Beth Vrabel has power-packed so many important issues into one small book with so much natural grace that we are barely aware she has done it. We learn about blindness framed by the inner struggles of a person who just wants to fit in, to have blindness seen as a simple characteristic. Alice is twelve, but this struggle can be part of life at any age.

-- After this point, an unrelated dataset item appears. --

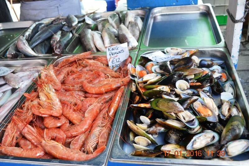 Şanslıyız, bugün günlerden Pazar ve her Pazar sahilde kurulan ‘market’e rastlıyoruz. Çeşitli giyim ve yöresel gıdaların yanı sıra elbette çeşit çeşit balıklar ve her türlü deniz ürünleri de tezgâhlardaki yerini almış. Bazıları oldukça tanıdık olan balıklara bakmak bile iştah kabartıyor, satın almadan sadece bakmak çok zor oldu : )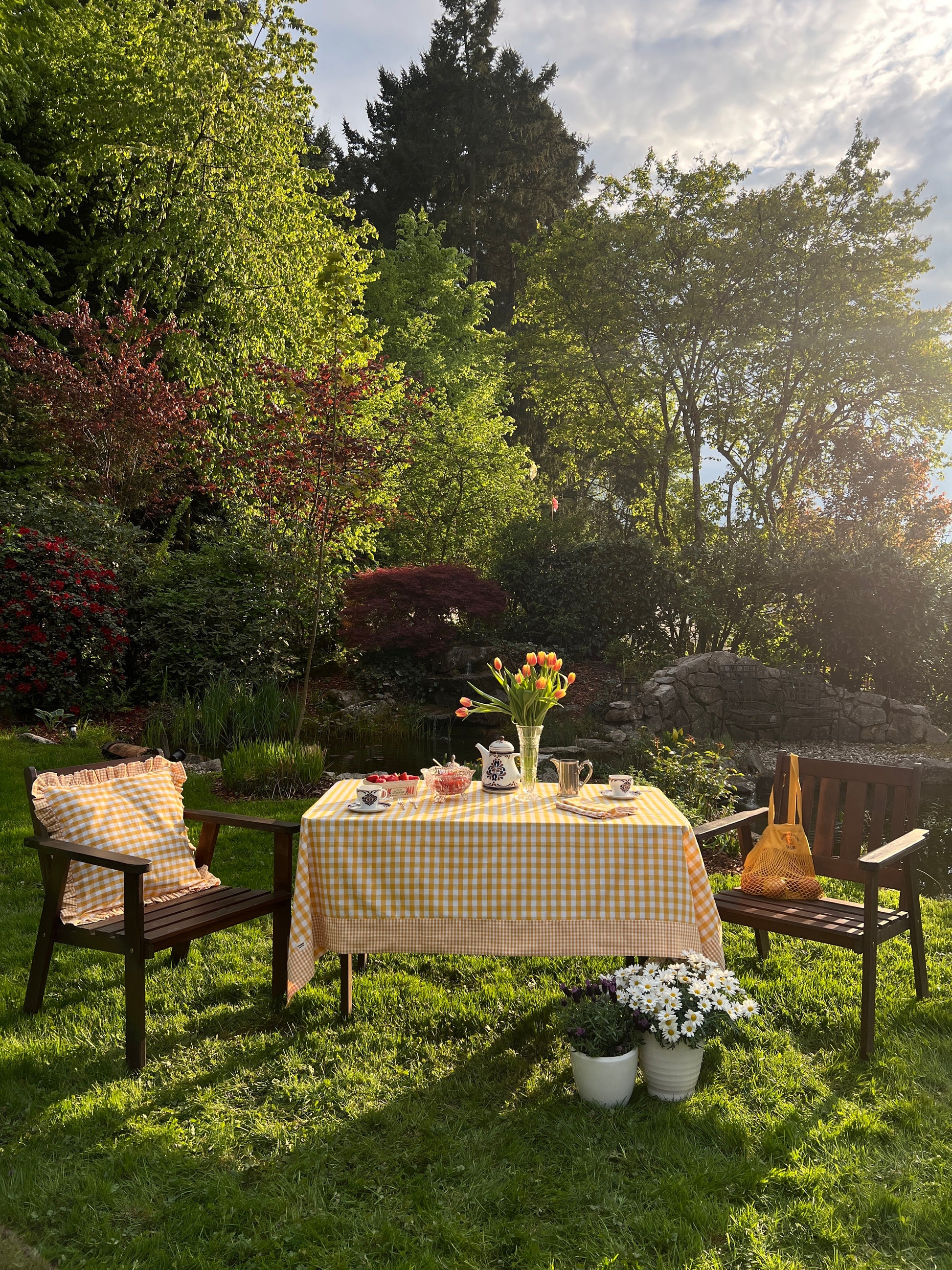 Bring sunshine to your table with our Yellow Vichy Tablecloth, featuring a cheerful yellow gingham pattern and finished with delicate mini vichy checks along the edges. It's your go-to piece for spring brunches, summer dinners, and spontaneous picnics under the sun.

Blindness is only the background as Alice encounters an assortment of life issues. The book's clarity in revealing that truth, through Alice's eyes, is what makes it so memorable. As Alice makes new friends, finds new independence, and uncovers a talent for writing that connects her to her mom, she examines and navigates a host of similarly demanding challenges—depression, racial inequality, elder care, and death. Yet in no way is this book dismal or didactic. It is a story that quickly immerses you in the lives of its characters, and it has you cheering for their successes. There is joy and humor and learning and growth. This is a book that anyone can enjoy. Anyone with a personal connection to blindness should read and share it.
Few books for young people present blindness with authenticity. This book gets five stars for that and for a host of other sparkling qualities. Alice shows us, through a child's perceptions, what fools adults can make of themselves when they realize that someone is blind. She also leads us to feel, right along with her, the relief and joy when someone barely notices that her eyes don't work well. We feel her determination when she decides to find her own way, and we celebrate with her as her white cane and keen mind help her settle into a new town.
While not quite a sequel to A Blind Guide to Stinkville, Beth Vrabel's A Blind Guide to Normal continues the exploration of blindness, this time through another character and another eye condition. We meet Ryder at the end of Stinkville, when Alice and her parents visit a school for the blind. At the outset of this second book, Ryder has left the residential school, having mastered the skills of blindness. He is about to begin seventh grade in a public school while living with a grandfather he has never had a chance to know. The book opens with Ryder saying goodbye to Alice, who is not quite finished with the residential school; she has become his best friend. Ryder is the most popular kid at the school for the blind, always cracking jokes about having only one eye, and popping out his prosthetic eye for laughs. He anticipates continuing his reign of wild popularity when he enrolls in "normal" school.
Again Vrabel presents wonderful characters and weaves her protagonist's blindness into a fabric of life issues. There are bullies, middle-school crushes, and struggles for acceptance. There is learning about the past of an elder who seems eccentric and annoying, but who actually has some merit.
Ryder has had retinoblastoma, a childhood cancer, which affected one eye. We travel with him the road of fear that cancer will come again and rob him of his remaining vision. We learn how he functions with only one eye and see the surprising compassion of other kids who find subtle ways to help him blend in.
While I think kids and parents with a blindness connection will enjoy this book, I didn't find it quite as irresistible as A Blind Guide to Stinkville. Ryder isn't as blind as Alice—no white cane, no special tools or tricks other than swiveling his head a lot to see with that single eye. But his middle-school angst is genuine, and the excessive humor he uses to cover his blindness is a recognizable trait.
Beth Vrabel has written a number of other award-winning books for this age group, some of which feature characters with disabilities and health issues. I hope she'll return to the blindness theme and exercise her talent and insight by writing about a charming kid who has no eyesight and uses Braille.
(Both of these books are available in paperback from Amazon, in audio format from NLS BARD, and in several electronic formats from Bookshare.)